Just get one with a robust vrm and a decent heatsink. Be sure to have good airflow. Really ismt much as you will be thermally limited by the cpu unless you are looking to delid.
 
Delidding these chips looks like a pain considering all what is on the PCB. I also doubt that most users who paid for 8c+ will even think about delidding.
I'm still not sure what about motherboards. VRM cooling can be an issue but power connectors or power phases shouldn't. Most boards have 8 phases or more and even these cheapest boards have power design for 500W+. So hot power cables can be issue on the PSU side. Of course it's still better to get a board with 8+8 or 8+4 CPU power connectors but I'm just not sure if it's really required while overclocking ( at least on ambient temps ).
 
What I see is that memory performance again depends more on the cache frequency than memory settings. On my board 3000 15-16-16, 3600 17-18-18 and 3600 15-15-15 have almost the same bandwidth in AIDA64 ( ~88/85/82GB/s read/write/copy ). Once I set 500MHz higher cache then bandwidth goes up by ~4GB/s. Next 500MHz and I already see 95GB/s.

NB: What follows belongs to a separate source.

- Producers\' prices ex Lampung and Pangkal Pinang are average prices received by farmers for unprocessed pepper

So far I could set 3600 15-15-15 quite easy but 3733 is not booting on my memory regardless of settings. Maybe it's BIOS or something else as board could boot at 3600 even when by mistake I used settings which shouldn't work.

Here is result at 3600 15-15-15 and cache at 3300MHz.

36.jpg

One more weird thing. Results in 3DMark/PCMark10/VRMark at 3000 XMP/CR2 are about the same or better than at manual 3600/CR1.

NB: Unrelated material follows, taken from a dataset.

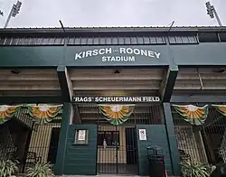 "Rags" Scheuermann Field at Kirsch-Rooney Stadium is a 1,000-seat baseball park in New Orleans, Louisiana.[2] It is the home stadium for the Delgado Community College Dolphins baseball team that competes in the National Junior College Athletic Association.[3] The stadium is also home to Louisiana High School Athletic Association baseball and American Legion Baseball.[4]
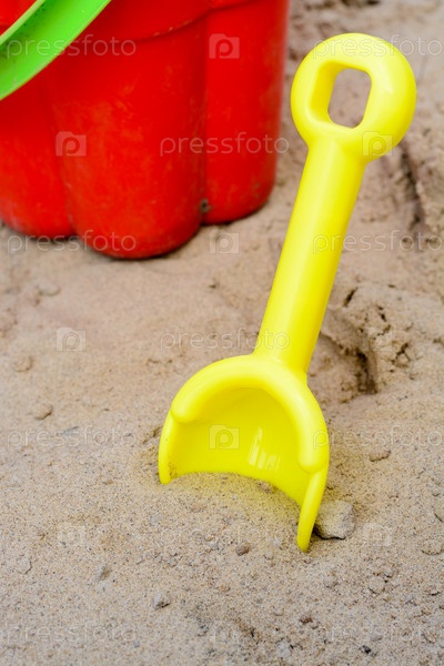 Ведро и лопатой в песке

I have ASUS TUF Mark 2 which was the cheapest board I found in local stores. When CPU is not overclocked ( still boosts up to 4.5GHz ) then VRM temp is below 50°C during all 3DMarks, PCMarks, Cine15 and some other tests. Max registered on stock CPU+GTX1080Ti in all tests was 322W (total whole platform, registered by TP-Link Smart Plug ). I had no time to play with CPU overclocking yet.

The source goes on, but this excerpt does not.